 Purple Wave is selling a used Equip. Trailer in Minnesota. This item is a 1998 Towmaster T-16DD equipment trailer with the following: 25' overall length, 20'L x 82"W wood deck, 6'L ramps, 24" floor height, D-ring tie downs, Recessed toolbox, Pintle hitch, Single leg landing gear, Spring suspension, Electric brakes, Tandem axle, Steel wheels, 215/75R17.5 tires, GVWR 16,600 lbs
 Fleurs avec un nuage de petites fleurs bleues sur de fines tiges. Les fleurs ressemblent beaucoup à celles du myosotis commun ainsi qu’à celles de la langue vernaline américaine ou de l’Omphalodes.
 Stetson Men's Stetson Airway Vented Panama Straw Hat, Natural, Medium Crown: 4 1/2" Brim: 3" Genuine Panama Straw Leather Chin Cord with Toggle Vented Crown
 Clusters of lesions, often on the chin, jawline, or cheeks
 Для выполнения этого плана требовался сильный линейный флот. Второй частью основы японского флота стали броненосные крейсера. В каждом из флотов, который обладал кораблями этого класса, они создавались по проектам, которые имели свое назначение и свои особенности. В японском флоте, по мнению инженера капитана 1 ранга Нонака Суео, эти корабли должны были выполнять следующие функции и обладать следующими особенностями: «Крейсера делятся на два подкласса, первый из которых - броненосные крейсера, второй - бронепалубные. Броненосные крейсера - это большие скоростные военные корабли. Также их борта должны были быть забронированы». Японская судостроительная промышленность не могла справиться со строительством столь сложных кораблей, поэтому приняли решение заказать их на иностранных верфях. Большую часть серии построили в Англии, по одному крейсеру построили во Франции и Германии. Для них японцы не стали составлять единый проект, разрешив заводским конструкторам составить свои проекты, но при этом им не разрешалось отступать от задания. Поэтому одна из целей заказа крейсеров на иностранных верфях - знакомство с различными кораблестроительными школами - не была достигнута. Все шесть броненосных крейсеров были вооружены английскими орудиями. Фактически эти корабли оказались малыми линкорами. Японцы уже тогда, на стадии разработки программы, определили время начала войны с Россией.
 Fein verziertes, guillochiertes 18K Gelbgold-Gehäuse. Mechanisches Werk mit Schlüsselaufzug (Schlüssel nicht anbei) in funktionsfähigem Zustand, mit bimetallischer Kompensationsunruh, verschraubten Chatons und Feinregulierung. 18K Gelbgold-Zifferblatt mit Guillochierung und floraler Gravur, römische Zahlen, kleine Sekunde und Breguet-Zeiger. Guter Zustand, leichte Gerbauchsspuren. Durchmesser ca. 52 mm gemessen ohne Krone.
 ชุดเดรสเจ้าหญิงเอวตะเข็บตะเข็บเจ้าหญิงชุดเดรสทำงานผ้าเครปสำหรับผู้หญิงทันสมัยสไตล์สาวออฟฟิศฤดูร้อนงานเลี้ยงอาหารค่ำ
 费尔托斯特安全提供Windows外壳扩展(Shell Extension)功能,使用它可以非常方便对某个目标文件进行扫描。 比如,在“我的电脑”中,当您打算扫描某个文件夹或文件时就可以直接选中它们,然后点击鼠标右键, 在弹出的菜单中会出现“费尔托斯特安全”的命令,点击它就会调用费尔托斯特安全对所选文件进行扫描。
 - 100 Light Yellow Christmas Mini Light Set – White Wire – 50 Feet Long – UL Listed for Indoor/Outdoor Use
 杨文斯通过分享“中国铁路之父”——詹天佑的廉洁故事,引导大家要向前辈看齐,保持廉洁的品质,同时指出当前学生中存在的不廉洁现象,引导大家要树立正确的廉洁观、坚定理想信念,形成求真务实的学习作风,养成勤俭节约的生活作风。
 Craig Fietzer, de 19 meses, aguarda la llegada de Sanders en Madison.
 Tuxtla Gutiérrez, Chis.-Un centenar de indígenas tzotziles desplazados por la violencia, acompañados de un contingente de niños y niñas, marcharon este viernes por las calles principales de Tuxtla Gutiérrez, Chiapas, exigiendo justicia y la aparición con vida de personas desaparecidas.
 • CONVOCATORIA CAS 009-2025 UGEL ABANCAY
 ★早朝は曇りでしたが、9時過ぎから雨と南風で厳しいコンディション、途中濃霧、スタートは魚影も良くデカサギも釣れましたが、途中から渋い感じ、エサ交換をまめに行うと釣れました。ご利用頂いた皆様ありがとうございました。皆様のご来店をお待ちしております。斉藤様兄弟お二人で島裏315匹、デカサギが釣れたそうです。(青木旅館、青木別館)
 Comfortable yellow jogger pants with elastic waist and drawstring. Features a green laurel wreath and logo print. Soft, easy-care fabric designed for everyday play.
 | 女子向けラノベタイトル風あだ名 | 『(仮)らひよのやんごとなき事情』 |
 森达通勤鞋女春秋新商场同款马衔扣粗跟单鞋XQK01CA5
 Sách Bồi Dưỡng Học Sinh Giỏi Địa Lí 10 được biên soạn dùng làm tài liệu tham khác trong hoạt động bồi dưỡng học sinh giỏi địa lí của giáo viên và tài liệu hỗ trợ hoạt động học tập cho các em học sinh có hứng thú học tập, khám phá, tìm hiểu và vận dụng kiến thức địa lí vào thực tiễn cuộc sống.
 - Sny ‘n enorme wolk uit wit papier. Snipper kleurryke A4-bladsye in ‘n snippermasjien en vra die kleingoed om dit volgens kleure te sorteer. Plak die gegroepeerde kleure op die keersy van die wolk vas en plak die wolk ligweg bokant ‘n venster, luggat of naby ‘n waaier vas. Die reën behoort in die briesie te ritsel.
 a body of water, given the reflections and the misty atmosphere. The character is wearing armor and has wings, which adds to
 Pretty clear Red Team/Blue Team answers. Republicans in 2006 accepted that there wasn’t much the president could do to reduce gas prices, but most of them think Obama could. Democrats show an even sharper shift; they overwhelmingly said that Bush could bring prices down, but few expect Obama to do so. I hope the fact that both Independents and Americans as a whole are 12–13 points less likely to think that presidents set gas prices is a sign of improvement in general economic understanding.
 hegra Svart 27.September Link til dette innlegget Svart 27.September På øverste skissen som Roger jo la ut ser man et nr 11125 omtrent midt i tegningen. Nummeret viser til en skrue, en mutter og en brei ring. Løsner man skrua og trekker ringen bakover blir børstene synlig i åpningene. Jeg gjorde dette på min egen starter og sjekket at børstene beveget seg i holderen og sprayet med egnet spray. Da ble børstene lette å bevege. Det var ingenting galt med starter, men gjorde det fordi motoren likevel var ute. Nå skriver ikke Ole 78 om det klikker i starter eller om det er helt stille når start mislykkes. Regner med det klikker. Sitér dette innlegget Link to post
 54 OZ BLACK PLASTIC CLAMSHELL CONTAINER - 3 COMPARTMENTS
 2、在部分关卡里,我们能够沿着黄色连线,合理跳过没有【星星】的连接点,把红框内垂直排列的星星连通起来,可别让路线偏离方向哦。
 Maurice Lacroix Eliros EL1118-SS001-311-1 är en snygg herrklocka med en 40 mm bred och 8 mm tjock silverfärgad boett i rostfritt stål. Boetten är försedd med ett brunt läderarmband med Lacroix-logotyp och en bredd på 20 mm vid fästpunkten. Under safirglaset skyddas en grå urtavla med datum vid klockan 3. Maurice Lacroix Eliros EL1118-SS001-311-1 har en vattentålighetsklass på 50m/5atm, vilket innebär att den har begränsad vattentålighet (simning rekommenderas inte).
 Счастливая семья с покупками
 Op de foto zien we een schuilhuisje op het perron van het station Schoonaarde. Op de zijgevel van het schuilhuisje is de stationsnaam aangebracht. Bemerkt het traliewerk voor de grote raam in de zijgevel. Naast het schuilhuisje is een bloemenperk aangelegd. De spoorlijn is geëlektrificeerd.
▬▬▬
-- TASK INSTRUCTIONS --
Beginning with the top line of the data above, output every line exactly until the one that contains "Fleurs avec un", and include that one too.

-- WRITTEN SOLUTION --
 Purple Wave is selling a used Equip. Trailer in Minnesota. This item is a 1998 Towmaster T-16DD equipment trailer with the following: 25' overall length, 20'L x 82"W wood deck, 6'L ramps, 24" floor height, D-ring tie downs, Recessed toolbox, Pintle hitch, Single leg landing gear, Spring suspension, Electric brakes, Tandem axle, Steel wheels, 215/75R17.5 tires, GVWR 16,600 lbs
 Fleurs avec un nuage de petites fleurs bleues sur de fines tiges. Les fleurs ressemblent beaucoup à celles du myosotis commun ainsi qu’à celles de la langue vernaline américaine ou de l’Omphalodes.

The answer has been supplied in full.